Her ne kadar bu gelişme Trump yönetiminin hanesine bir başarı olarak yazılsa da, İsrail’in son derece kırılgan olan ateşkesi sık sık ihlal etmesinin anlaşmayı tehlikeye sokabileceği uyarıları yapılıyor. Öte yandan, iki yıl süren savaşın Filistinli silahlı grupların, özellikle Hamas ve İslami Cihad’ın askeri kapasitesini büyük ölçüde tüketmesi, tarafları ABD’nin hedeflediği ateşkesin ikinci aşamasına geçmeye zorlayabilir. Bunun için arabulucuların desteği kritik önem taşıyor. Arabulucular, bir yandan Hamas ile İsrail arasında, diğer yandan ABD ile taraflar arasında görüş ayrılıklarını gidermeye çalışıyor. Bu çerçevede ABD’nin rolü, Netanyahu hükümetine anlaşmaya uyması yönünde baskı yapmak olarak öne çıkıyor. Nitekim Washington, İsrail’in Hamas’ın ihlallerini gerekçe göstererek Gazze’ye açılan geçişleri yeniden kapatma girişimlerini birçok kez engelledi; aynı zamanda ticari ve insani yardım taşıyan kamyon sayısının artırılması için baskı uyguladı.
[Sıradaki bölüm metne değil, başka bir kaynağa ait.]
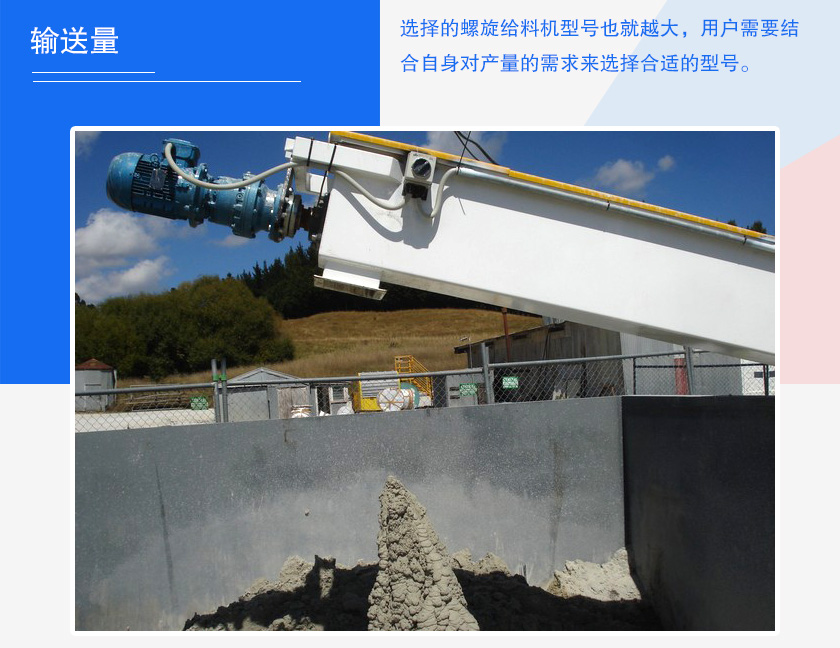 輸送量大小將直接決定設備型號大小的選擇,用戶所需產量越大,選擇的螺旋給料機型號也就越大,用戶需要結合自身對產量的需求來選擇合適的型號。

Sembolik baskılar eleştirisi

Buna karşın, Filistinli gruplar ve Gazze’deki durumu yakından izleyen çevreler, bu baskıların bazı durumlarda sonuç verse de çoğu zaman tali konularla sınırlı kaldığını savunuyor. Asıl ihtiyaç duyulanın, Gazze halkı açısından hayati öneme sahip başlıklarda daha etkili baskı kurulması olduğu vurgulanıyor. Bu başlıklar arasında yaşanabilir nitelikte çadırların sağlanması, konteyner evlerin bölgeye sokulması ve ciddi bir yeniden imar sürecinin başlatılması yer alıyor. İsrail’in ise Hamas ve diğer grupların silahsızlandırılmasını, Hamas’ın Gazze’deki yönetimden çekilmesini istediği; bu konuların hâlen ateşkesin ikinci aşaması kapsamında yoğun müzakerelere konu olduğu belirtiliyor.

7ıko9
Trump'ın planına göre Gazze'den çekilmenin aşamalarını gösteren harita (Beyaz Saray)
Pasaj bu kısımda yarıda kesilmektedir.